知る人ぞ知る「検死官」シリーズの最新作である。

お馴染みの登場人物達が跋扈するが、私が特に本作で嬉しかったのは、ピート・マリーノの復活である。前作で、主人公スカーペッタをレイプしそうになり、それを恥じて行方不明になっていたのだが、本作では最前線に復帰する。復帰する過程での登場人物達の葛藤が描かれはするが、物語では余り大きく扱われてはいない。察するに、前作でのピートの失踪の仕方に固定ファンが抗議の声を殺到させたのではないだろうか(私も不満だったから)。それで、作者はピートの名誉回復の場を与えたのではないかと思う。で、その点は手早く片づけて、本筋に持って行きたかったのかも知れない。尤もこの点は、本シリーズを継続して読んでいないと分かりにくい点だが。
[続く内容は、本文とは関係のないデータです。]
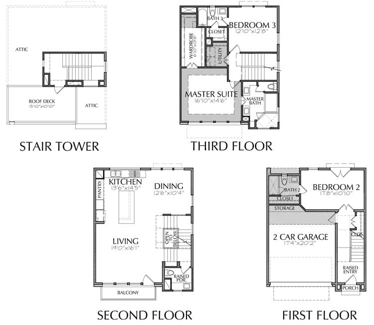 This townhome plan has 2085 square ft. of living space. This townhouse plan design has a width of 25′-10″ and a depth of 32′-0″.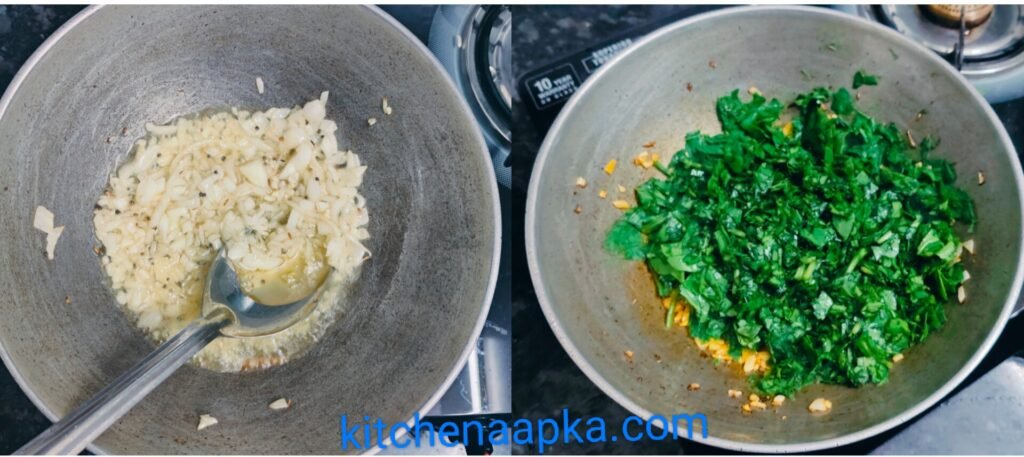 उसके बाद हम गॅस पर कढाई रखेंगे और उसमे 3 चमच तेल डालेंगे तेल गरम होने के बाद उसमे हम राई और जीरा डालेंगे उसके बाद हम हम प्याज और लसूण अद्रक की पेस्ट डालेंगे प्याज को अच्छे से लाल होने तक भुनेगे प्याज होने के बाद उसमे हम हल्दी पावडर, मिर्च पावडर,धनिया पावडर डालेंगे हे ये सब होने के बाद हम उसमे बारीक काटा हुआ पालक डाल देंगे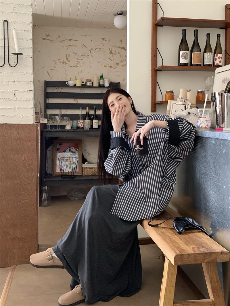 Tamaño:camisaM largo 76 busto 140 largo de manga 60faldaTalla S largo del vestido 91 cintura 62Largo del vestido M 95 cintura 66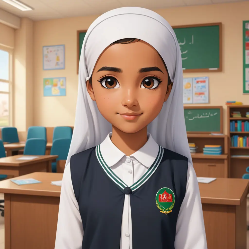 صوره بنت بالزي المدرسي العمانيه متحجبه شخصيه كرتونيه وخلفيه مدرسه خلفها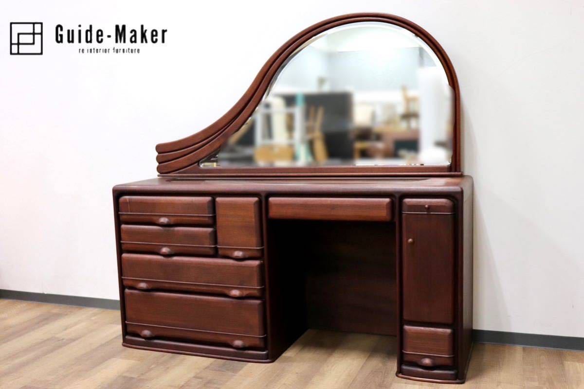 - GMGK280○工房家具 和製ヴィンテージ ドレッサー 鏡台 化粧台 メイク台 収納家具 チーク材 北欧スタイル 希少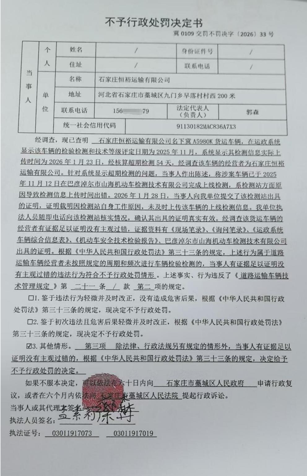 | 石家庄恒裕运输有限公司 | 法人 | 91130182MAC836A7X3 | 郭森 | 身份证 | 130182********0015 | 冀0109交罚不罚决字〔2026〕33号 | 《道路运输车辆技术管理规定》第二十一条第二项 | 石家庄恒裕运输有限公司名下冀A5980K未按照周期和频次进行车辆检验检测的案 | 不予处罚 | 2026.1.28 | 藁城区交通运输局 | FA06-002-15 |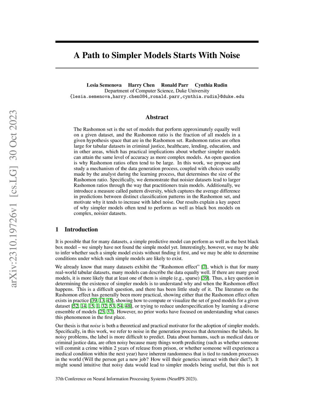 The Rashomon set is the set of models that perform approximately equally well on a given dataset, and the Rashomon ratio is the fraction of all models in a given hypothesis space that are in the Rashomon set. Rashomon ratios are often large for tabular datasets in criminal justice, healthcare, lending, education, and in other areas, which has practical implications about whether simpler models can attain the same level of accuracy as more complex models. An open question is why Rashomon ratios often tend to be large. In this work, we propose and study a mechanism of the data generation process, coupled with choices usually made by the analyst during the learning process, that determines the size of the Rashomon ratio. Specifically, we demonstrate that noisier datasets lead to larger Rashomon ratios through the way that practitioners train models. Additionally, we introduce a measure called pattern diversity, which captures the average difference in predictions between distinct classification patterns in the Rashomon set, and motivate why it tends to increase with label noise. Our results explain a key aspect of why simpler models often tend to perform as well as black box models on complex, noisier datasets.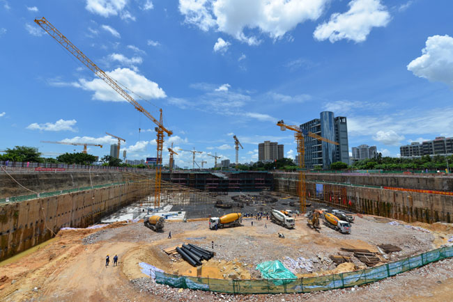 据北京建工集团海口双子塔.南塔项目部执行经理苑会杰介绍“一是该工程总建筑面积38.81万平方米,主塔楼高度为428米,塔楼地上94层,地下4层;二是海口地区属地震设防高烈度区和强台风区,塔体设计抗震8度半,以防地震可能对高楼造成的损害,仅单塔的桩数就多达1993根,是上海中心大厦的2倍有余,且单桩承载力是上海中心大厦主楼抗压桩的2倍,桩深达到88米-102米;三是海口双子塔南塔基坑是全球少见的超深、超大的单体建筑基坑,最深处达25米,基坑占地面积达7000㎡,仅土方量就达到70万方,该面积相当于一个标准足球场大小;该工程塔楼底板基础为桩筏基础,塔楼基础底板混凝土强度等级为C50,抗渗等级为P10,垫层为100mm厚C20混凝土,塔楼底板平面面积约为8600平方米,底板由四周到中间厚度分别为0.7米-8.5米,底板最深8.5米,海口双子塔.南塔已于2016年底完成大楼地下部分桩基工程施工,本次施工主要任务即向地下桩基部分浇灌混凝土,以确保塔基稳定性,此次南塔塔楼筏板基础单次浇筑混凝土9.6万吨,将创海南地区之最,是一个建筑业瞩目的“超级工程”。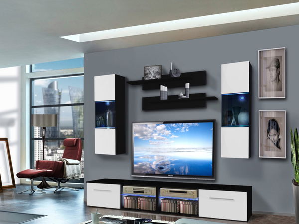 Jednoduchý a moderní design obývací stěny je doplněn o systém push-click, který je využit při vitríně. Obývací stěna je doplněna o LED podsvícení.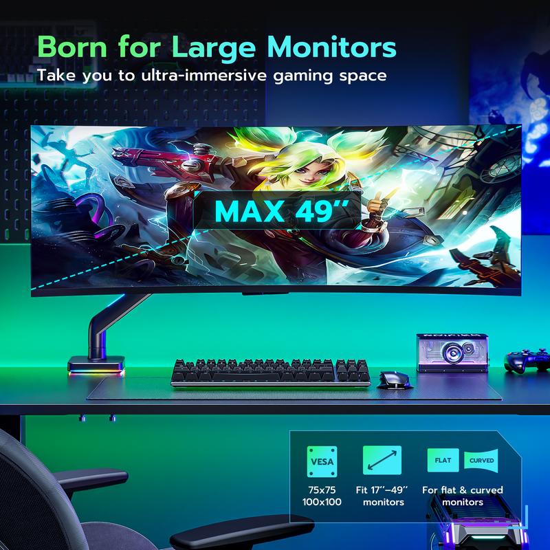 ·【Fits Most 17–49” Monitors】Supports flat and curved screens up to 49" and 44 lbs, like Samsung Odyssey G9 and LG ultrawide. Comes with 75x75mm and 100x100mm VESA mounts. (VESA adapter needed if your monitor has no mounting holes.)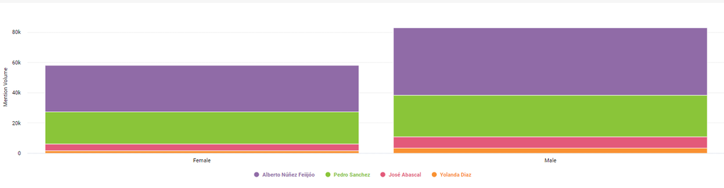 Además, las mujeres son las que más menciones realizan sobre Alberto Núñez Feijóo, mientras que los hombres destacan por sus menciones a Pedro Sánchez.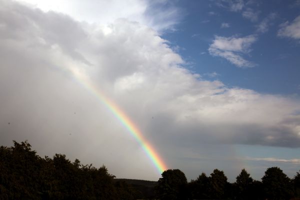 Am Abend zeigt sich an vielen Stellen in Deutschland nach den Schauern und Gewittern ein Regenbogen. Er versöhnt uns mit dem heftigen Wetter der letzten Stunden. Die Aufnahme entstand am Donnerwetter.de Wetterpark am Abend in der Eifel.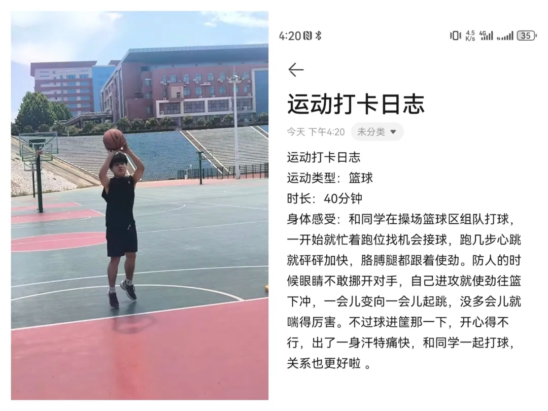 从运动APP的科学数据,到手写日志的细腻感悟,再到运动场景照片的鲜活呈现,同学们积极践行“每周不少于3次、每次30分钟以上”的锻炼要求,用行动落实“养成教育月”理念。这些记录不仅是汗水的见证,更是德智体美劳全面发展的生动实践。期待更多同学以体育为翼,在“养成教育月”中锤炼体魄、养成习惯,让青春因运动熠熠生辉!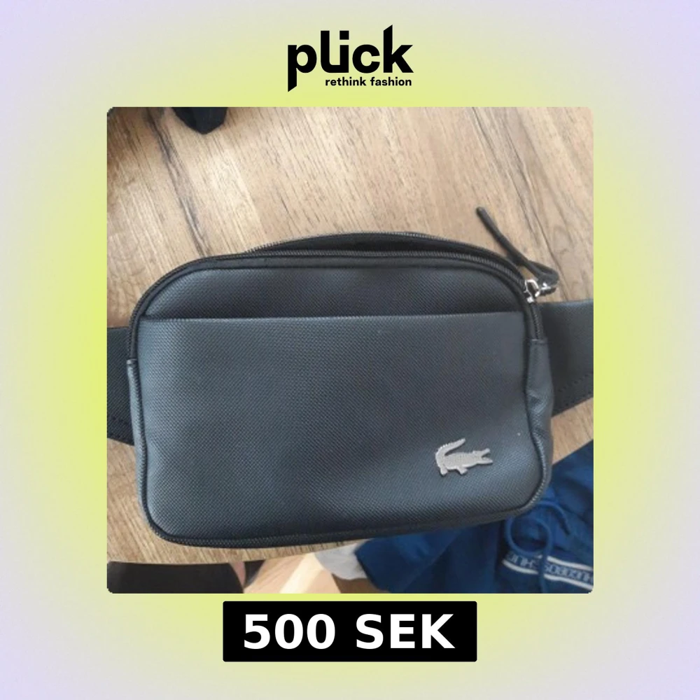 Snygg svart magväska från Lacoste med klassisk krokodil-logga i metall på framsidan. Väskan har en stilren, rektangulär form och är tillverkad i slitstark syntet med dragkedja upptill. Perfekt för att bära det viktigaste när du är på språng.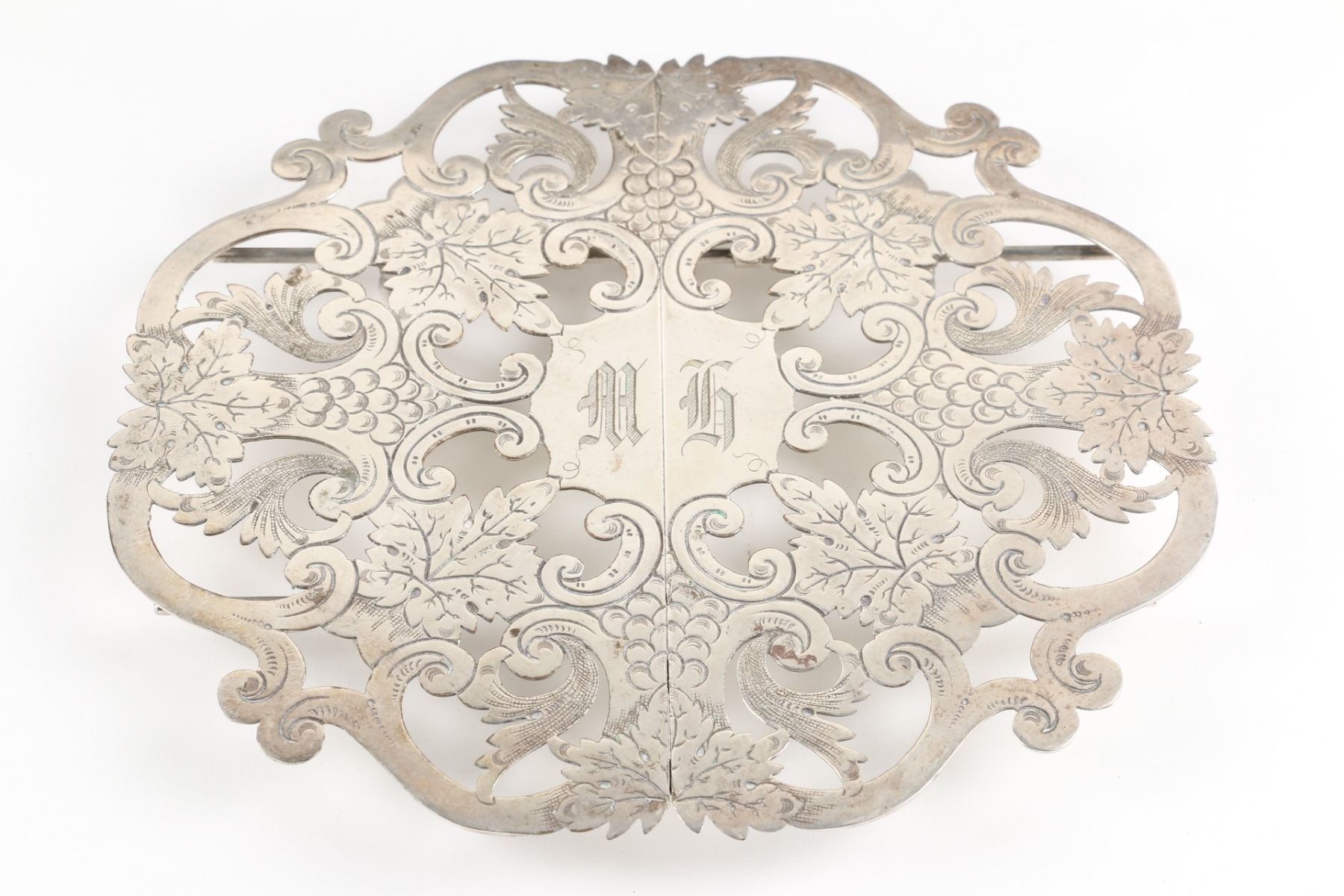 Lot 282 - English and French. Three (3) pieces. 1805 London sterling marrow scoop (52g). Post 1838 French (Paris, "J.D. .950") sterling paw-footed sugar tongs marked 'J D' (42g). One plated plate rest. Box 21" x 9" x 5". $175-250.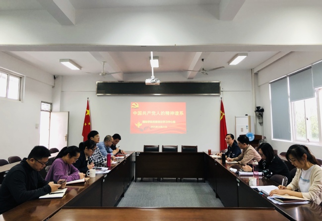 10月21日下午,国际学院党委理论学习中心组在明北附303会议室召开会议,专题学习研讨中国共产党人的精神谱系。院党委书记张华英主持会议,中心组成员、辅导员参加学习。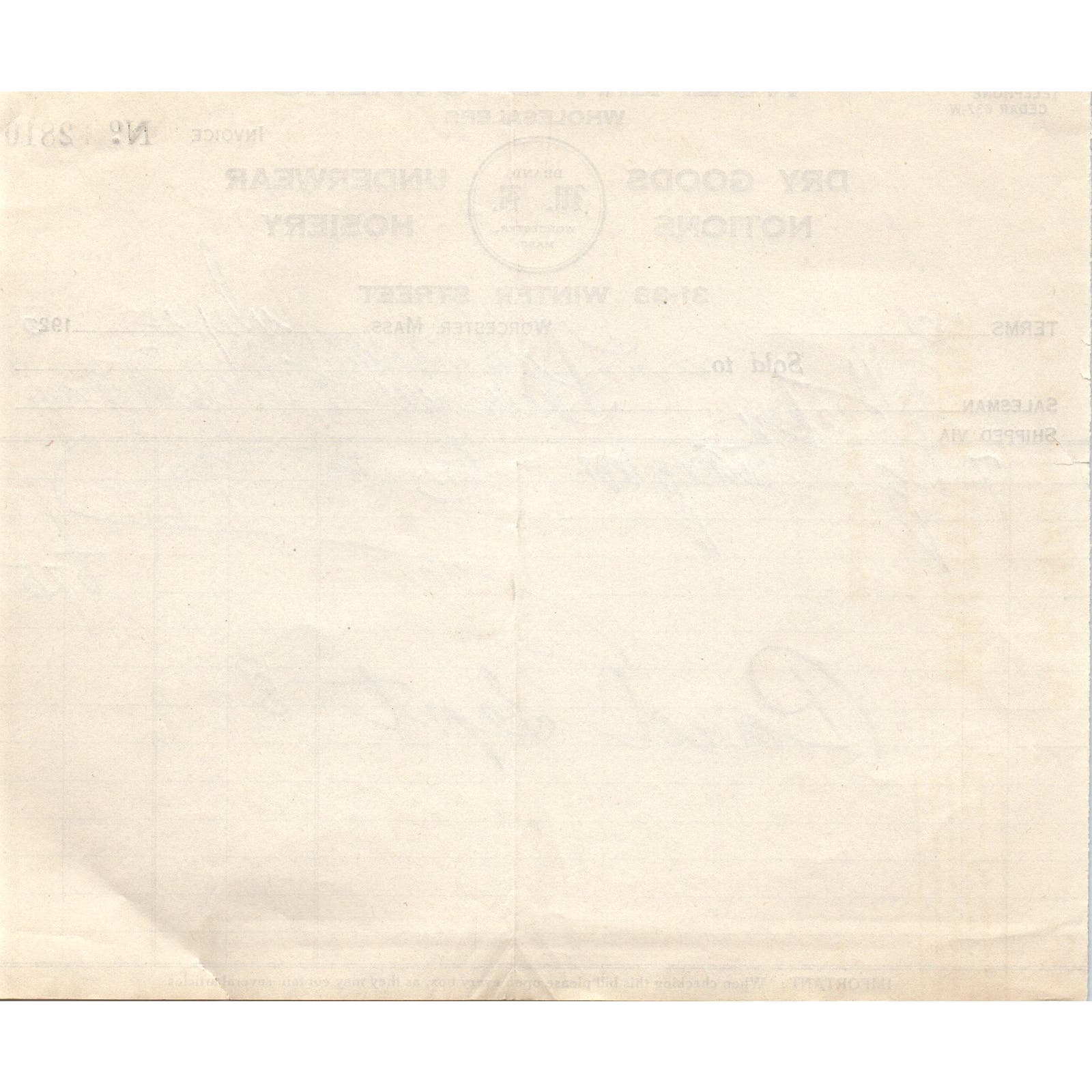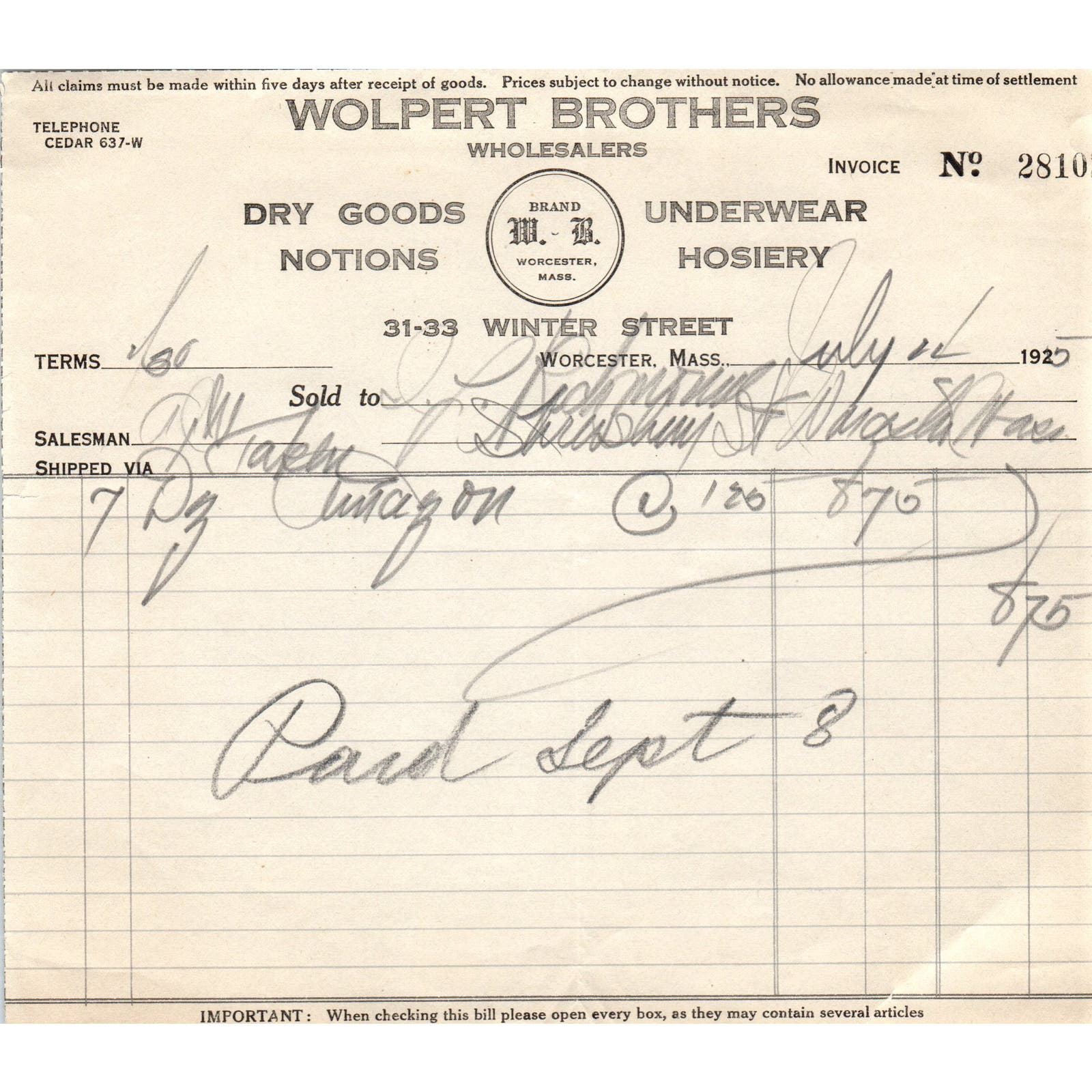 Wolpert Brothers Dry Goods Worcester MA 1925 Original Billhead Receipt D8-LL

物語の背景をなすのは、いわゆるネット社会である。インターネットやパソコン用語が氾濫するので、多少なりともメールやワープロの知識がないと附いていけないかもしれない。ただ、物語のメインとなる殺人事件自体にはそれほどコンピュータ用語は絡まないから、コンピュータに弱い人でも少々片仮名のコンピュータ用語を我慢すれば、十分楽しめるだろう。

ただ、活字で読んでいるから良いが、検死場面は想像しながら読むと例によって相当気持ち悪い。その手のグロテスクな場面に弱い人はダメな個所があるようだ。尤もこれも大した分量ではないが。

この「検死官」シリーズでは、最後は犯人が自ら主人公の前に現れるというパターンが目に着き、犯人追跡自体に重きが置かれる事は余りない。追いつ追われつの追跡劇でのサスペンスという点、いつも物足りなさを感じるが、犯人探し自体はそれなりに楽しめる。

少々長くて冗漫な印象もなくはないが、シリーズ固定ファンなら楽しめるだろう。まったく初めて本作から手にする人はどうかわからないが。